It’s hard to accept that women today have fewer rights than when Billie Jean King took on Bobby Riggs 50 years ago

A fan shows his support for Billie Jean King before her match against Bobby Riggs in 1973. Photo: Jerry Cooke/ Sports Illustrated

At the end of this month, it will be 50 years since the so-called Battle of the Sexes between Bobby Riggs, a pre-war Wimbledon champion-turned-self-styled male chauvinist, and Billie Jean King, the then reigning Wimbledon champion who was at the time leading a campaign for equal pay in the sport.

At the beginning of 1973, the US Supreme Court ruled that the constitution protected a woman’s right to have an abortion, which actually meant that a woman had agency over her own body. Just like a man did.
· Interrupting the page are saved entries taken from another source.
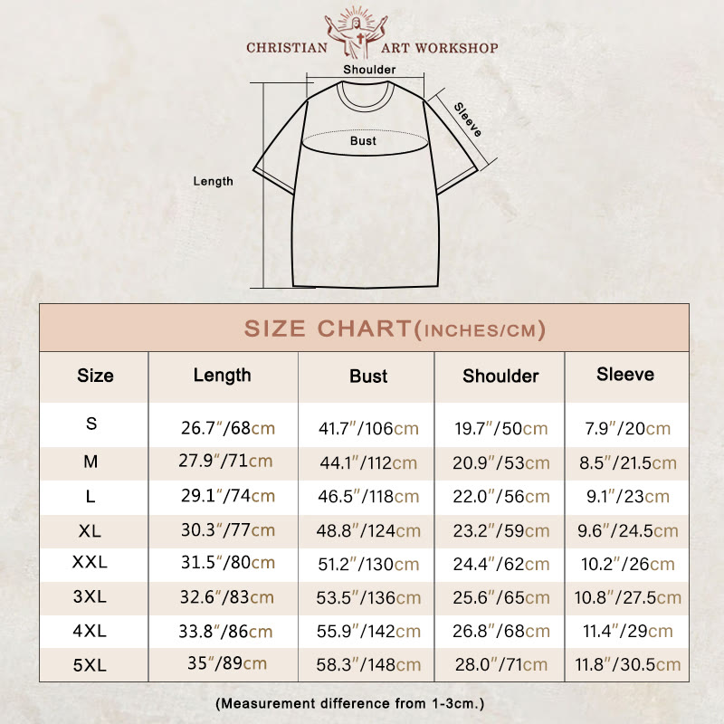 On the front and back of this T-shirt, an inspiring graphic combination is presented. The front showcases the powerful "Faith Over Fear" slogan, while the back features a striking design of a thorn crown encircling a cross. Wearing it is not only a display of a bold faith statement but also a reminder to ourselves of Jesus' sacrifice and the courage to overcome fear through faith, keeping this empowering message in mind in our daily lives.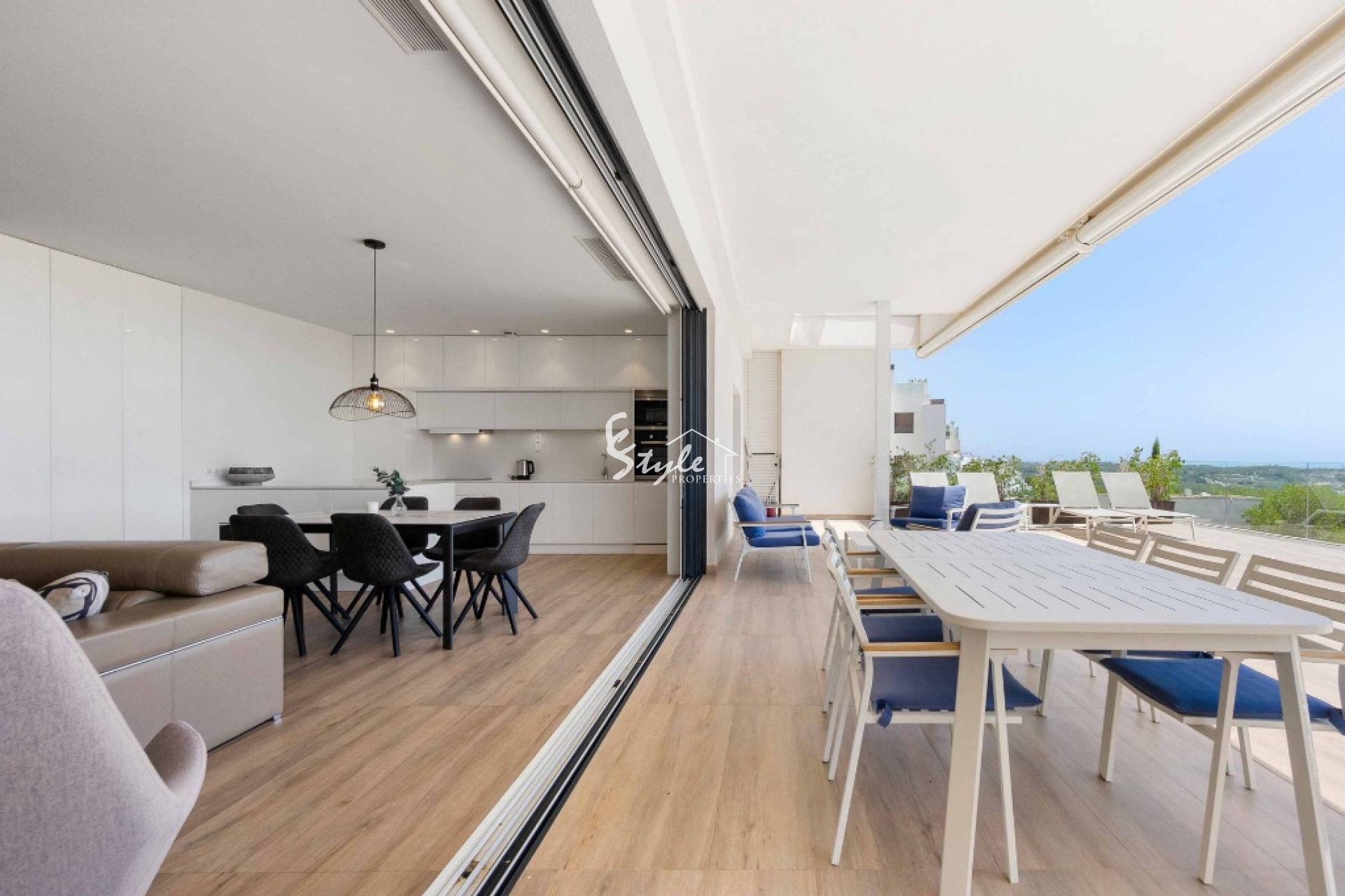 For sale amazing ground floor apartment in Naranjo Community at Las Colinas Golf & Country Club! The apartment built in 2018 is South-facing and offers a living room, dining area, kitchen, three bedrooms, two bathrooms and amazing terraces facing South and North. The apartment is on a slope, which means that you have fantastic views even from the grund floor.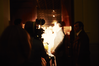 A man speaking with women in square dancing costumes under a spotlight while being filmed.

In fact, back then, no one questioned whether a man had agency over his own body, unless you were talking about African American men in relation to the police. Black men had no agency over their own bodies if pulled over by the cops, and events demonstrate that this is still true.

But no woman – whatever colour she was or station in life she had – was in total command of her person before 1973. A shocking thing to contemplate, but true.

Men and women lived in a different country. So this coming together of a 29-year-old woman and a 55-year-old man who had boasted that he could beat any woman, no matter her age, took on huge social significance.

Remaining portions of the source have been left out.